Performance under current and future ocean conditions
Moderate ocean warming may be favorable for M. franciscanus early development by providing larger body sizes and increased thermotolerance at the prism stage [46]. The warmer temperature treatment could even mitigate the stunting effect of elevated pCO2 on prism body size [46]. This effect of warmer temperatures, however, may only be beneficial on a short-term basis. Gene expression analyses indicated that embryos raised under 17 °C responded to cellular stress, and while there were no indications of negative impacts at the phenotypic level, there may be trade-offs and consequences to developing under warmer temperatures such as increased incidences of disease [116]. Prolonged heat exposure may eventually become detrimental, and negative carry-over effects can arise at later life stages [59, 60]. Additionally, the observed plasticity at 17 °C may not extend to more severe warming scenarios. For example, a study in adult M. franciscanus found that although mortality did not vary between urchins acclimated to 15 °C or 18 °C, mortality was significantly higher at a more extreme temperature of 21 °C [31]. Nevertheless, our study revealed that M. franciscanus exhibited a sizeable transcriptomic response to 17 °C at both developmental stages. At the urchin collection site, temperatures of 17 °C are currently recorded during the summer months [44], and in the future, this temperature is likely to be reached more often given unmitigated climate change. More research is required to determine how M. franciscanus will be impacted as ocean warming continues, particularly as marine heatwaves increase in frequency [117, 118].
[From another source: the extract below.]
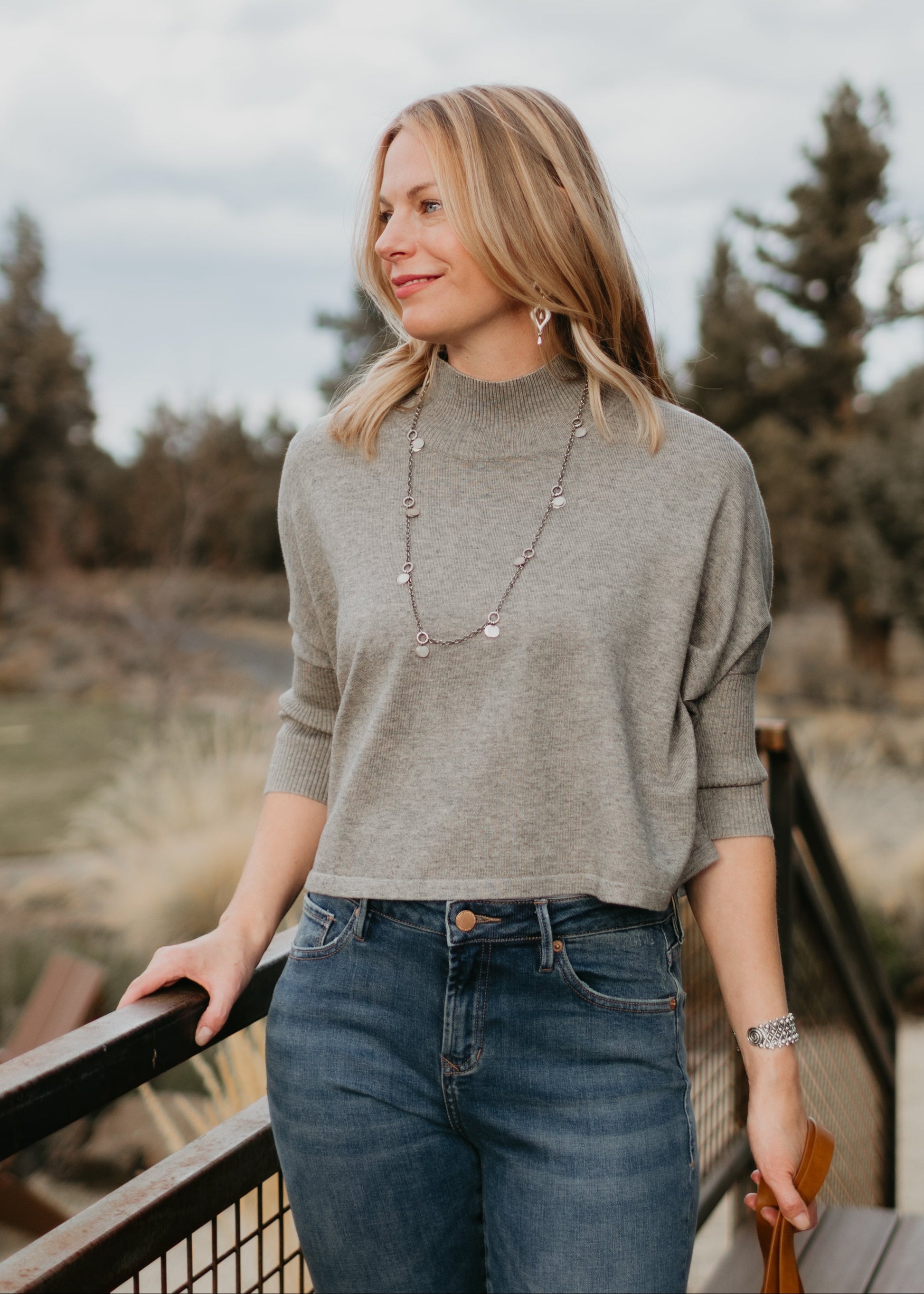 Handmade sterling silver chain with wafer thin satin finish discs hanging from interspersed rings...a Bohemian classic.

During early development, M. franciscanus appear to be more susceptible to rising pCO2 levels than to rising temperatures. The lack of a large transcriptional response, particularly at the prism stage, paired with a decrease in body size indicates that exposure to elevated pCO2 is detrimental to developing embryos. Continued ocean acidification is therefore likely to have adverse impacts on future M. franciscanus populations, although this could be offset somewhat by the positive effects of simultaneous ocean warming [46, 119-121]. However, during seasonal upwelling events, M. franciscanus are exposed to corrosive pH conditions that lack the mitigating effects of warmer temperatures [15, 16]. Spawning that occurs during or immediately prior to an upwelling event will subject developing embryos to high pCO2 conditions paired with colder temperatures. 1050 matm pCO2 levels have been measured at the urchin collection site during upwelling events [44], so populations of M. franciscanus are likely already impacted by elevated pCO2. Given ocean acidification and the increase in upwelling frequency and intensity that is predicted with continued climate change [122-124], the likelihood of M. franciscanus developing under stressful pCO2 conditions should rise in the future.